A bunch of big name pastors are gutting Christ’s cross-work from the gospel. Denying that Christ propitiated God, they claim that God did not pour out His wrath on Christ. For them, Christ did not bear the wrath of God. They say that God did not require blood to forgive sins. Instead, they allege, God can just wink sin away because, after all, He’s God. There’s a big problem with all that. A god that can just wink away sin without a propitiatory blood atonement is a double-minded-tyrant-god.
A Double-Minded God
To be double-minded is to vacillate. It is to be inconsistent in mind and judgment. Let’s say a man scolds his dog for urinating on the floor on Monday. He wanted the dog to urinate outside, not on the living room carpet. That would be fair. But what would you say if that same man scolds that same dog on Tuesday for urinating outside because he wanted his dog to urinate on the living room carpet? And then he changes the standard again on Thursday, again two months later, and then again after a few more weeks. I’d say he’s double-minded. His standard is a moving target. Poor dog. Double-minded master.
Let’s say death is the necessary penalty for sin for the first 4,000 years of creation. Whether the sin be eating forbidden fruit, raping, worshiping idols, or premeditating a murder, the wages of sin have been death. Let’s even say it is a sin to not consistently punish sin (Deuteronomy 19:21). Punishing sin by death is the standard, and not punishing sin by death is sin. But what if, after 4,000 years of upholding one standard, a god decided to change the standard only because he can? He no longer requires death for sin. That’s a double-minded god. Poor people. Double-minded god.
A god who changes his standards on a whim is a double-minded god. He cannot be trusted because his standard is moving. The weights on the scale change with the times. What he condemned yesterday is what he blesses today. What he blesses today might be what he condemns tomorrow.
A Tyrant God
A king who stands above the law is a tyrant. A good king stands under the law. That is the difference between Lex Rex and Rex Lex. Lex Rex means the law is above the king, and Rex Lex the king above the law.
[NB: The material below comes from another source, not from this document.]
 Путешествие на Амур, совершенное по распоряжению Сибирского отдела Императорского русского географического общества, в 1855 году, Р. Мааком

The Rex Lex king operates on his whims. One day he decides all murderers must die. The next day he decides that all murderers must live, but all blue eyed babies must die. And the next day he decides that all people must live. And then he calls himself merciful because, after all, if he gets to define the law on a whim he can also define mercy on a whim. One day he might mercifully kill people, and the next he might mercifully let people live. Mercy is what he says it is.
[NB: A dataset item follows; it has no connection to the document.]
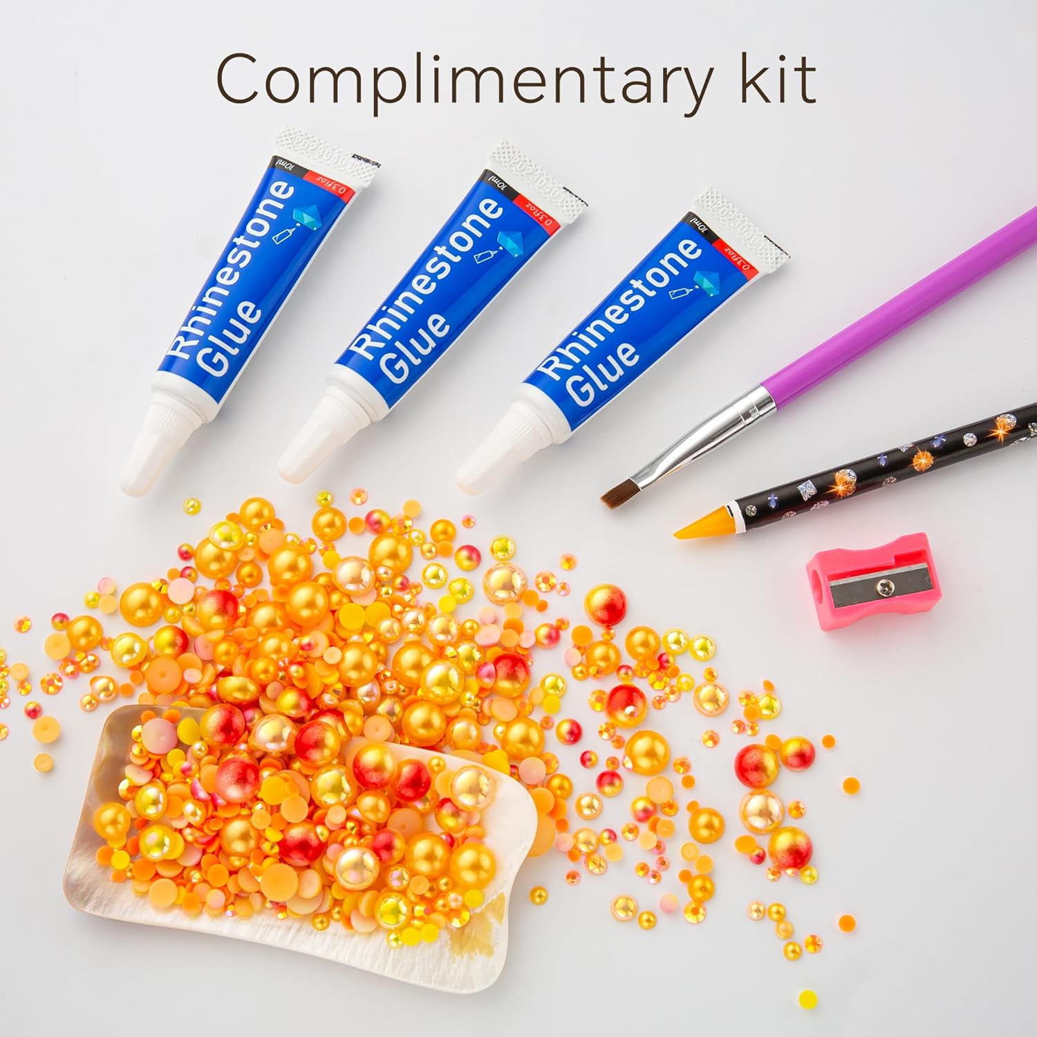 60g Orange Sun Magic Flat Flat Back Pearls Rhinestones for Crafts Mixed Size 3mm-10mm AB Color Round Half Pearls Flatback Pearl Beads and Resin Rhinestones Set for Face Art with Glue

Scripture condemns such kings. Scripture upholds the kings who uphold the law. While the kings change and the kingship changes, the law must be constant. An arbitrary rule is a tyrannical rule. An arbitrary god is a tyrannical god.
A god who is unpredictable in his standard is a tyrant-god. God can’t just change His disposition towards sin and sinners with a wink. The true God cannot sin, He cannot lie, and He cannot change.
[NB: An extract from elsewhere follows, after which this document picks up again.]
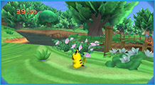 「ポケパーク」では、「ちからくらべ」というポケモン同士の遊びがはやっているぞ。この「ちからくらべ」には、「バトル」、「おいかけっこ」、「アスレチック」などさまざまな種類があって、これに勝つことで、勝負したポケモンと友だちになることができるのだ!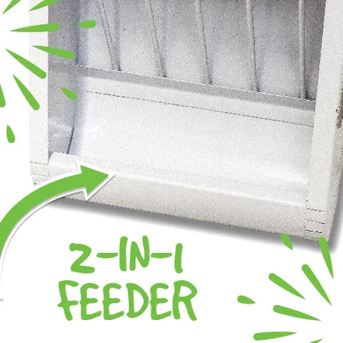 - Functional 2-in-1 feeder to supply both hay and pellets (or vegetables) to small animals

A God Who Justly Justifies Sinners
The people who deny penal substitutionary atonement have invented a double-minded-tyrant-god. Their god is unpredictable because he operates on his whims which can change by the day. One day he says the wages of sin are death. The next day he winks and sinners live. That god cannot be trusted. Tomorrow he might wink, and then adios, sayonara, au revoir, goodbye. That god is a volcano god who can erupt any moment over anything.
The God of the Bible is not double-minded. His standard is as consistent as His character. He does not change. The God of the Bible is not a tyrant. He is our Shepherd. He can be trusted. His just standard is that sinners must die. Yet He justly forgives sinners! How is His standard consistent with His forgiveness? His standard and His forgiveness are consistent because Christ died. God “put forward” Christ “as a propitiation by his blood” (Romans 3:25) so that God “might be just and the justifier of the one who has faith in Jesus” (Romans 3:26). God punished Christ in our stead. In Christ, God is just and the justifier of sinners. Because of Christ, God is just to justify us.
Christ propitiates God, and that proves that we can trust Him.